#### Task statement:
Search the material and gather each line with "Helm" in it.

══ Recorded data

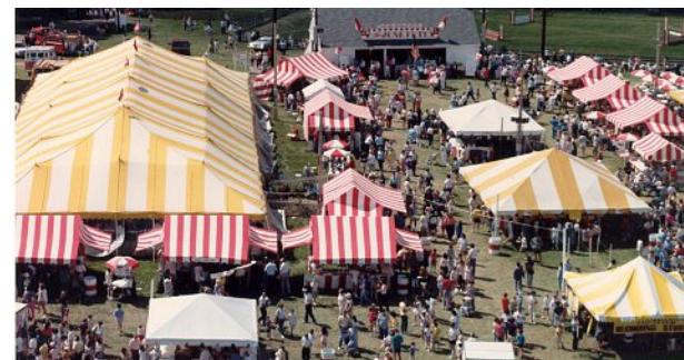
June Fete: Friday June 9 – Sunday June 11, 2023; Horse & Pony Show: Saturday, June 10, 2023
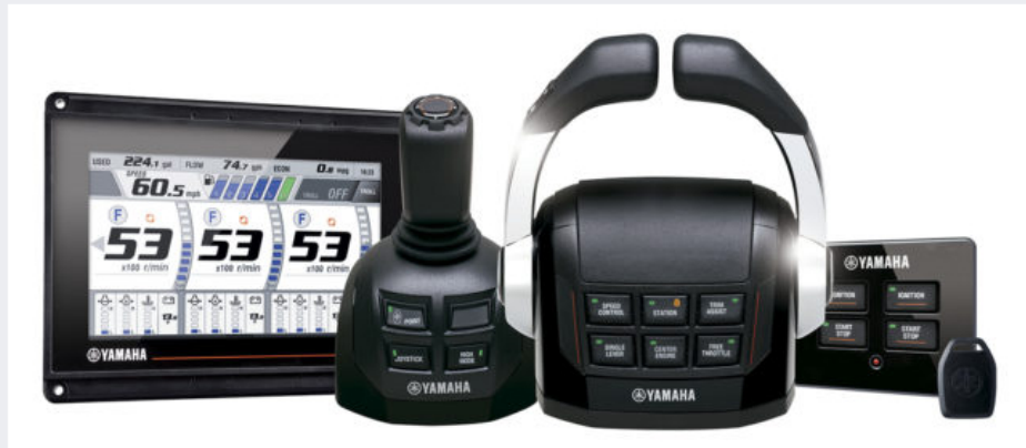
The new Helm Master incorporates the controls and a joystick, sure. But Set Point is the feature of interest to anglers.

Naturally, this rig was fitted out with every perk and pleasure (air-conditioning in the cockpit, anyone?) including Yamaha Helm Master. But now the system includes what Yamaha calls "Set Point." Set Point integrates GPS and heading sensors to initiate any one of three modes: Stay Point, Fish Point, and Drift Point.

════

#### Answer area:
The new Helm Master incorporates the controls and a joystick, sure. But Set Point is the feature of interest to anglers.
Naturally, this rig was fitted out with every perk and pleasure (air-conditioning in the cockpit, anyone?) including Yamaha Helm Master. But now the system includes what Yamaha calls "Set Point." Set Point integrates GPS and heading sensors to initiate any one of three modes: Stay Point, Fish Point, and Drift Point.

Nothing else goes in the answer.